BACKGROUND: The force-velocity-power (FVP) profile is used to describe dynamic force production capacities, which is of great interest in training high performance athletes. However, FVP may serve a new additional tool for cardiac rehabilitation (CR) of coronary artery disease (CAD) patients. The aim of this study was to compare the FVP profile between two populations: CAD patients vs. healthy participants (HP). METHODS: Twenty-four CAD patients (55.8 ± 7.1 y) and 24 HP (52.4 ± 14.8 y) performed two sprints of 8 s on a Monark cycle ergometer with a resistance corresponding to 0.4 N/kg × body mass for men and 0.3 N/kg × body mass for women. The theoretical maximal force (F 0) and velocity (V 0), the slope of the force-velocity relationship (S fv) and the maximal mechanical power output (P max) were determined.

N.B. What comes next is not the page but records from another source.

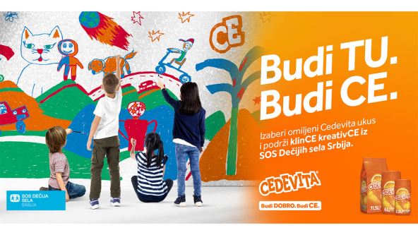 U kampanji Budi TU. Budi CE. Cedevita je odlučila dati glas deci iz SOS Dečijeg sela Srbija kroz prethodno spomenutu kreativnost. Na kreativnim radionicama, deca SOS Dečijeg sela Srbija osvojila su nas svojom vedrinom, znatiželjom i umetničkim pristupom i dokazala da se u svakom detetu skriva maleni kreativac. Odabirom omiljenog Cedevita ukusa i građani mogu podržati klinCE kreativCE iz SOS Dečijeg sela Srbija, a dodatno se mogu inspirisati na edukativnoj platformi budidobrobudice.com.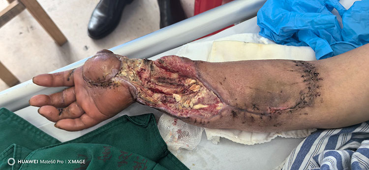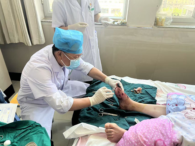 2025年5月14日,中國中西醫(yī)結(jié)合學會燒傷專業(yè)委員會常務委員、《中國燒傷創(chuàng)瘍雜志》副總編輯王洪生及醫(yī)療部宋小紅主任,應邀到珠海市第五人民醫(yī)院燒傷整形科會診一例嚴重三度化學燒傷病人和一例電擊燒傷患者,王洪生教授親自示范深度燒傷創(chuàng)面的清創(chuàng)處理,這次會診受到科室醫(yī)護和患者的一致好評。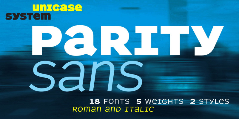 Parity Sans Font is a display sans font family designed by Nick Shinn, . This typeface has eighteen styles and was published by Shinntype.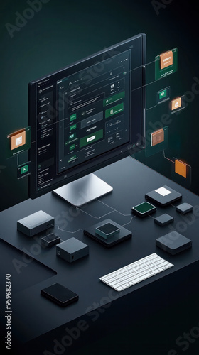 A computer monitor displays a complex network of icons and buttons. Concept of technology and organization, with the various icons representing different functions and applications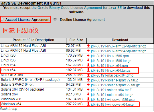 小版本和过去安装的保持一致,就选择:8u191,根据操作系统要求下载安装不同版本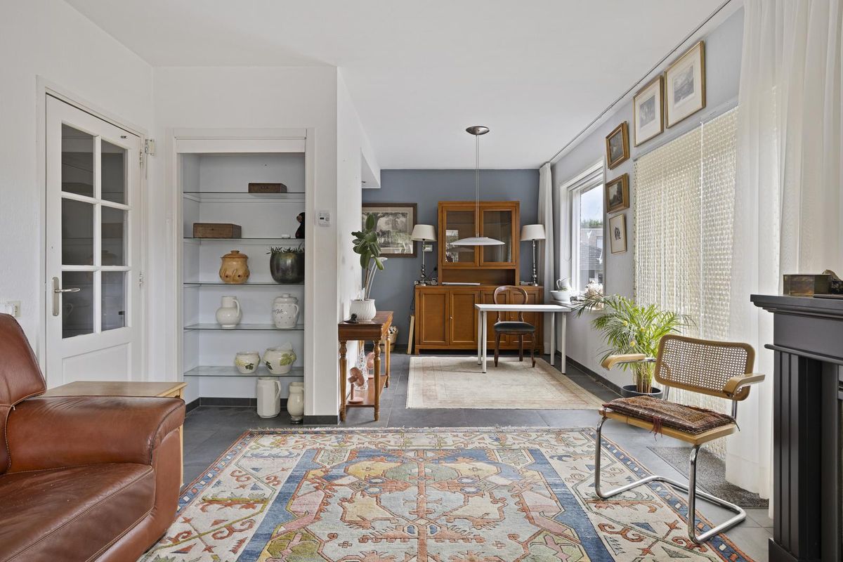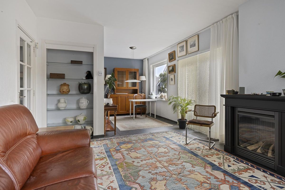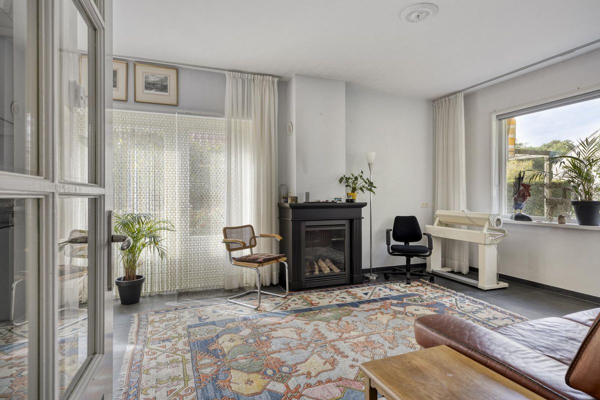 - sfeervolle woonkamer met gashaard en openslaande deuren naar de veranda;

RESULTS: The P max (CAD: 6.86 ± 2.26 W.kg-1 vs. HP: 9.78 ± 4.08 W.kg-1, p = 0.003), V 0 (CAD: 5.10 ± 0.82 m.s-1 vs. HP: 5.79 ± 0.97 m.s-1, p = 0.010), and F 0 (CAD: 1.35 ± 0.38 N.kg-1 vs. HP: 1.65 ± 0.51 N.kg-1, p = 0.039) were significantly higher in HP than in CAD. No significant difference appeared in Sfv (CAD: -0.27 ± 0.07 N.kg-1.m.s-1 vs. HS: -0.28 ± 0.07 N.kg-1.m.s-1, p = 0.541). CONCLUSION: The lower maximal power in CAD patients was related to both a lower V 0 and F 0. Physical inactivity, sedentary time and high cardiovascular disease (CVD) risk may explain this difference of force production at both high and low velocities between the two groups.